Opinion : Au moment où l’ONU célèbre son 75ème anniversaire, le multilatéral est-il mort ?

Par Ali Hachani, ancien Représentant Permanent de Tunisie auprès des Nations Unies à New York

Avec les multiples problèmes que la communauté internationale connait, problèmes que la pandémie du Covid 19 a rendus encore plus graves, l’on observe, à n’en pas douter, une tendance destructrice à remettre en cause des postulats que l’on croyait devenus irréfutables, dont la conviction que le monde s’orientait vers plus d’interdépendance, plus de complémentarité économique, plus de justice et de paix entre les nations , dans le cadre d’une mondialisation mûrement réfléchie et régie par des institutions internationales fortes et respectées. Cette tendance destructrice est alimentée par des mouvements nationalistes grandissants et certains Chefs d’Etat, dont celui de la première puissance économique et militaire dans le monde, qui prônent l’ « égocentrisme » face à des crises de portée collective et le « chacun pour soi » face à des problèmes nécessitant l’application du droit international et de la légalité onusienne.

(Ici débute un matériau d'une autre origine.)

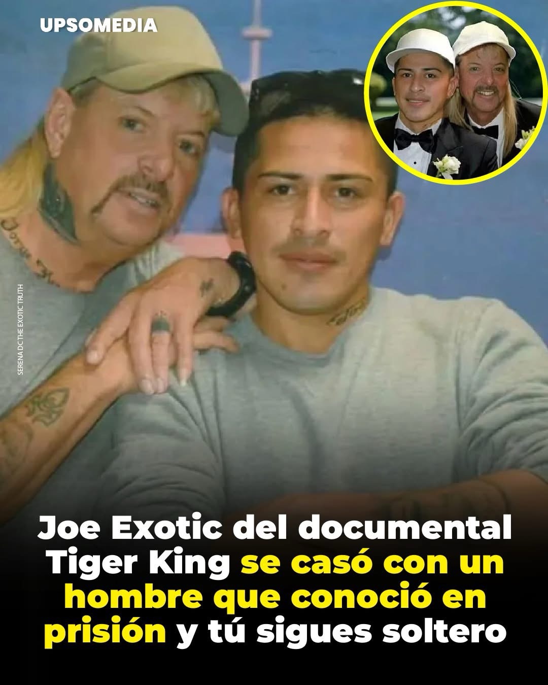 Exotic, famoso desde el documental de Netflix de 2020 y condenado en 2019 a 21 años de prisión por intentar contratar hombres a sueldo contra Carole Baskin, celebró su tercer matrimonio entre rejas. La pareja se conoció en prisión, donde Jorge cumplía pena por asuntos migratorios. “Conozcan a mi esposo”, escribió Joe, feliz con traje y gorra blanca a juego.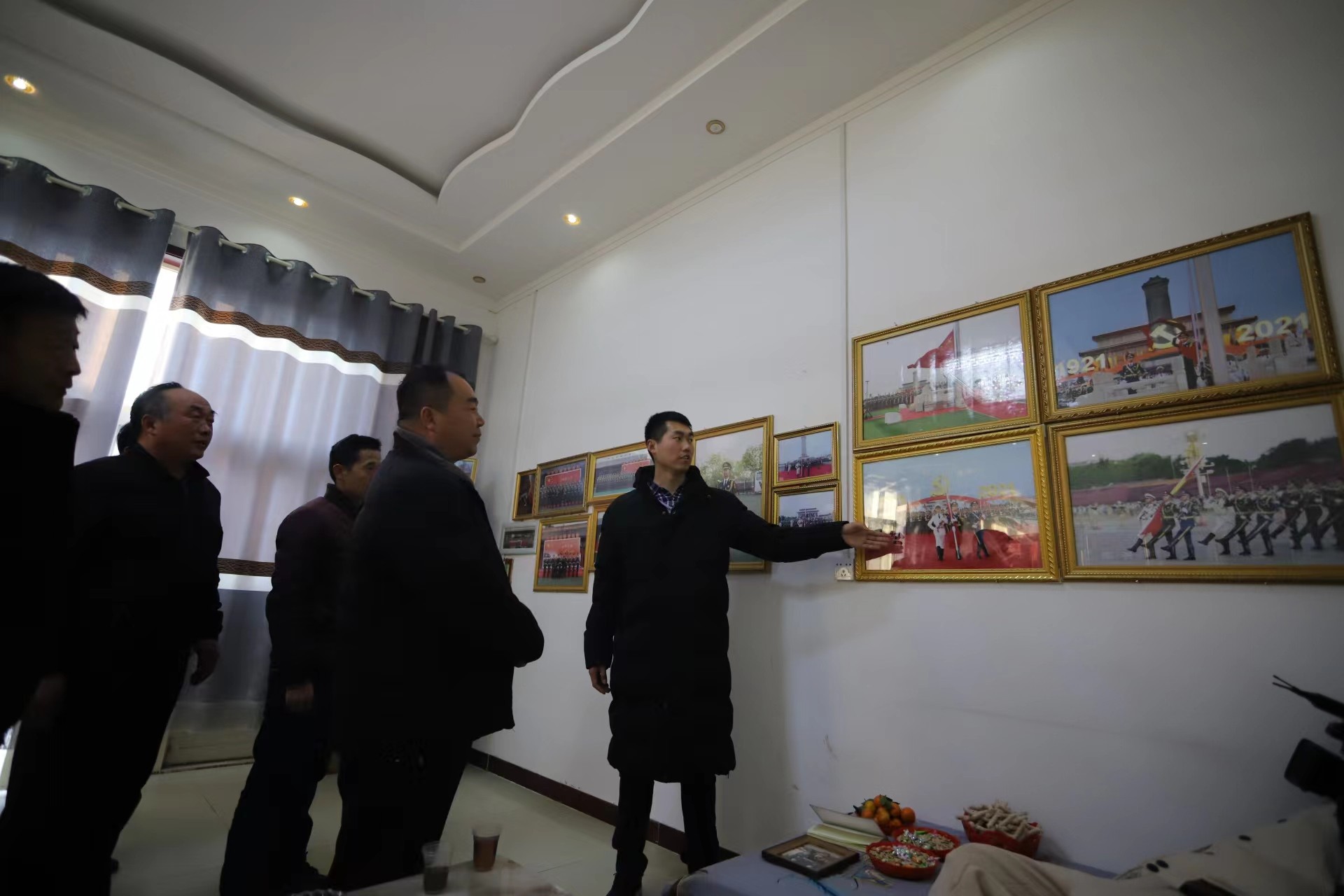张自轩站在照片墙前向大家讲述自己担任升旗手的经历

Ces lignes sont rédigées quelques jours avant la tenue des élections présidentielles aux Etats Unis d’Amérique qui vont révéler si les électeurs dans la « première puissance » en question acceptent le maintien de la ligne unilatéraliste dans laquelle leur président actuel les a engagés ou s’ils sont déterminés à revenir à des rapports plus sereins avec le reste du monde et bâtir un ordre international basé sur la solidarité, la coopération et la paix. Sans tomber dans la simplification consistant à affirmer l’inévitabilité de la prééminence des Etats Unis d’Amérique sur le monde présentement et dans l’avenir, l’imminente élection présidentielle américaine va certainement peser sur l’orientation future des relations internationales tant est grand le rôle que joue ce pays.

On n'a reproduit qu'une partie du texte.